There was, you must understand, only one pig on Provinder Island, and Heaven knows how it got there, whether it escaped and swam ashore or was put ashore from some vessel suddenly converted to vegetarianism, I cannot imagine. At first it was the only mammal there. But later on three sailors and a very small but observant cabin boy were wrecked there, and after subsisting for a time on shell fish and roots they became aware of this pig. And simultaneously they became aware of a nearly intolerable craving for bacon. The eldest of the three sailors began to think of a ham he had met in his boyhood, a beautiful ham for which his father had had the caving knife specially sharpened; the second of the three sailors dreamed repeatedly of a roast loin of pork he had eaten at his sister's wedding, and the third's mind ran on chitterlings — I know not why. They sat about their meagre fire and conferred and expatiated upon these things until their mouths watered and the shell fish turned to water within them. What dreams came to the cabin boy are unknown, for it was their custom to discourage his confidences. But he sat apart brooding and was at last moved to speech. "Let us hunt that old pig," he said, "and kill it."
Now it may have been because it was the habit of these sailors to discourage the cabin boy and keep him in his place, but anyhow, for whatever reason it was, all three sailors set themselves with one accord to oppose that proposal.
"Who spoke of killing the pig?" said the eldest sailor loudly, looking round to see if by any chance the pig was within hearing. "Who spoke of killing the pig? You're the sort of silly young devil who jumps at ideas and hasn't no sense of difficulties. What I said was AM. All I want is just a Am to go with my roots and sea salt. One Am. The Left Am. I don't want the right one, and I don't propose to get it. I've got a sense of proportion and a proper share of humour, and I know my limitations. I'm a sound, clear-headed, practical man. Am is what I'm after, and if I can get that, I'm prepared to say Quits and let the rest of the pig alone. Who's for joining me in a Left Am Unt — a simple reasonable Left Am Unt — just to get One Left Am?

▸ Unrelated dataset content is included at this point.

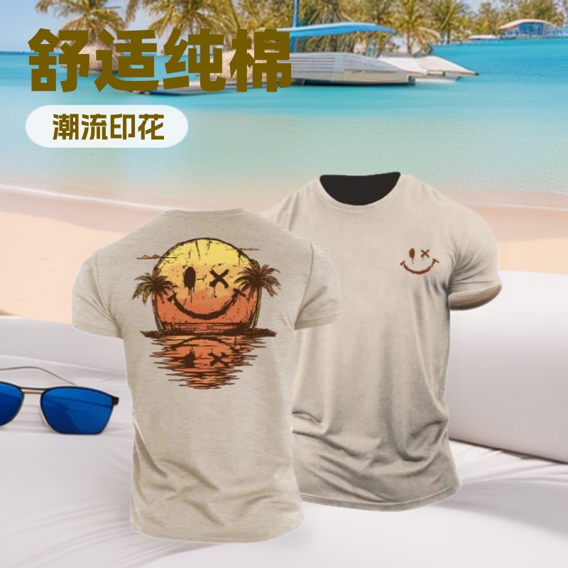 厂家促销日本动漫无袖长袖复古潮牌笑脸落日椰树印花纯棉短袖t

Nobody answered him directly, but when his voice died away, the next sailor in order of seniority took up the tale. "That Boy," he said, "will die of Swelled Ed, and I pity him. My idea is to follow up the pig and get hold of a loin chop. Just simply a loin chop. A loin chop is good enough for me. It's — feasible. Much more feasible than a great Am. Here we are, we've got no gun, we've got no wood of a sort to make bows and arrows, we've got nothing but our clasp knives, and that pig can run like Ell. It's ridiculous to think of killing that pig. But if one didn't trouble him, if one kind of got into his confidence and crept near him and just quietly and insidiously went for his loin — just sort of as if one was tickling him-one might get a loin chop almost before he knew of it."